Next, we quantified the performance of eGRM when computed with ARG inferred from a varying proportion of observed genetic variants. We found that the correlation between Kall and EKrelate was consistently higher than the correlation between Kall and Kobs (Figure 2D, left). Similar patterns are also observed as a function of increasing recombination rates (Figure 2D, middle). Moreover, for a fixed proportion of observed common SNPs (e.g., 20%; similar to SNP arrays) and recombination rate (1 × 10−8 per bp), we observed the performance gap widened between EKrelate and Kobs as sample size increased (Figure 2D, right). Intuitively, this improvement reflects the increasing contribution from rare variants to kinship in a larger sample that would not be captured by the canonical GRM based on only variants assayed on an array. Our results imply that eGRM can in principle more effectively capture relatedness in large-scale studies.

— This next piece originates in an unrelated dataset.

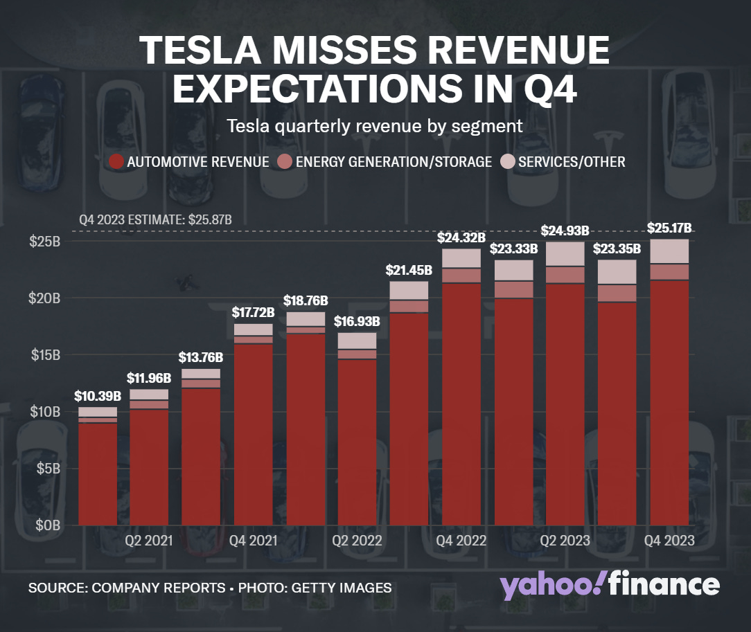 Tesla expects revenue growth to slow in 2024 due to high competition + slowing demand.
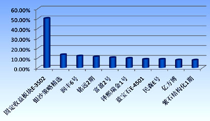 总体来看,本季度基金的投资风格更加谨慎。根据基金公司2011年一季报公布的数据显示,股票占基金净值的比率为71.95%,仓位已经维持在较低水平。除此之外,以“打新”为主要收益来源的债券基金对“打新”的态度也更加谨慎,这主要是受到一级市场的影响:2011年4月、5月IPO首日涨幅平均仅为1.60%和6.40%,是A股历史上新股表现最差的月份,而且新股破发严重,其中5月份上市的26只新股中,就有12只破发。(图6)

In practice, the construction of the GRM often uses imputed variants and/or is restricted to relatively common variants after pruning of correlated variants by linkage disequilibrium (LD). However, in simulations we found that pruning SNPs by LD before computing the GRM [Kobs (pruned)] further decreased correlation with Kall (Figure S2A). When using imputed variants to construct the canonical GRM [Kobs (imputed)], we found it more strongly correlated with Kall on average when compared with Kobs (Figure S2A). However, we observed performance in this scenario depends on relatedness between individuals in the imputation reference panel with target individuals; correlation between Kobs (imputed) and Kall decreases with average panel relatedness (Figure S2B). The dependence on the availability of a closely related reference panel suggests that underrepresented populations would be at a disadvantage for genetic analysis with the canonical GRM. Most importantly, across all of these scenarios, we observed our eGRM based on inferred ARG (i.e., EKrelate) consistently exhibited better correlation with Kall than Kobs (pruned) or Kobs (imputed) (Figure S2A).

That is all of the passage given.